Among the lines of data below, reproduce only those from the one with "machine's wall outlet." through the one with "Vibrant cycling image", exactly as they stand, both ends included.

-- DATA SECTION follows --

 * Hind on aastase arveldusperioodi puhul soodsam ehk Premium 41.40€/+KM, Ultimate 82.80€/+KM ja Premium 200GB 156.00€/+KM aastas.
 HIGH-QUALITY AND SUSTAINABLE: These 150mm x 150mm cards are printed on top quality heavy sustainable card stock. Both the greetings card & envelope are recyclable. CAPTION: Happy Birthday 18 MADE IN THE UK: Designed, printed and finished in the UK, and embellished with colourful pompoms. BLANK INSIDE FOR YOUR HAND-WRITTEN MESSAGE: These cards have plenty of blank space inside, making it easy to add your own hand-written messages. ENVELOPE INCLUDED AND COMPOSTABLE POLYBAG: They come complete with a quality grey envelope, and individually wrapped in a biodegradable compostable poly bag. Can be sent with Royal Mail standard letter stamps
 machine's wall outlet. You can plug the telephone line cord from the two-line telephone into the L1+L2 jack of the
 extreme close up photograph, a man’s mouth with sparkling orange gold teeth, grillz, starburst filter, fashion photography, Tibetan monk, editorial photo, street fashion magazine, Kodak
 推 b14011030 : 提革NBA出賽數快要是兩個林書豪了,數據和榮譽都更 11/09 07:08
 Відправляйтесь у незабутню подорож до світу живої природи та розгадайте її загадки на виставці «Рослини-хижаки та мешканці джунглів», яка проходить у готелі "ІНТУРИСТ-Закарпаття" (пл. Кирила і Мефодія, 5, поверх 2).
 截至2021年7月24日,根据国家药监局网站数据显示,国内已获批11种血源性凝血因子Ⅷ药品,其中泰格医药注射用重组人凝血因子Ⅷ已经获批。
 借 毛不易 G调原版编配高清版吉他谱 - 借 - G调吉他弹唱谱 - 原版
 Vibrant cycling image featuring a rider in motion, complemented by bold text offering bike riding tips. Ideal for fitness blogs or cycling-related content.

-- DATA SECTION concluded --
-- DATA SECTION follows --

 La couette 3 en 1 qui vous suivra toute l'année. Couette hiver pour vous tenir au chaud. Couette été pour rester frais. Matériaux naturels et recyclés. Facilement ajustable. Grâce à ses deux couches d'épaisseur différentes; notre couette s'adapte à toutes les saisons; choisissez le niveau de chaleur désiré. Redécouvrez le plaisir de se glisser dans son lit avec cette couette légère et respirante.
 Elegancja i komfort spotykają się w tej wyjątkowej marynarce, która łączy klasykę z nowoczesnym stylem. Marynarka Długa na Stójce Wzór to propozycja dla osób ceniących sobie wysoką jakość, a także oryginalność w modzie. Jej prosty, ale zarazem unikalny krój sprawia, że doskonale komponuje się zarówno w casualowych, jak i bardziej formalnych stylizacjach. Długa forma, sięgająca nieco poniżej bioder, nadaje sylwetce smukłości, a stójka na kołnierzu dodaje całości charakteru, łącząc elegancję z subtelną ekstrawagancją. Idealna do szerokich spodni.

-- DATA SECTION concluded --

→ **SOLUTION**
 machine's wall outlet. You can plug the telephone line cord from the two-line telephone into the L1+L2 jack of the
 extreme close up photograph, a man’s mouth with sparkling orange gold teeth, grillz, starburst filter, fashion photography, Tibetan monk, editorial photo, street fashion magazine, Kodak
 推 b14011030 : 提革NBA出賽數快要是兩個林書豪了,數據和榮譽都更 11/09 07:08
 Відправляйтесь у незабутню подорож до світу живої природи та розгадайте її загадки на виставці «Рослини-хижаки та мешканці джунглів», яка проходить у готелі "ІНТУРИСТ-Закарпаття" (пл. Кирила і Мефодія, 5, поверх 2).
 截至2021年7月24日,根据国家药监局网站数据显示,国内已获批11种血源性凝血因子Ⅷ药品,其中泰格医药注射用重组人凝血因子Ⅷ已经获批。
 借 毛不易 G调原版编配高清版吉他谱 - 借 - G调吉他弹唱谱 - 原版
 Vibrant cycling image featuring a rider in motion, complemented by bold text offering bike riding tips. Ideal for fitness blogs or cycling-related content.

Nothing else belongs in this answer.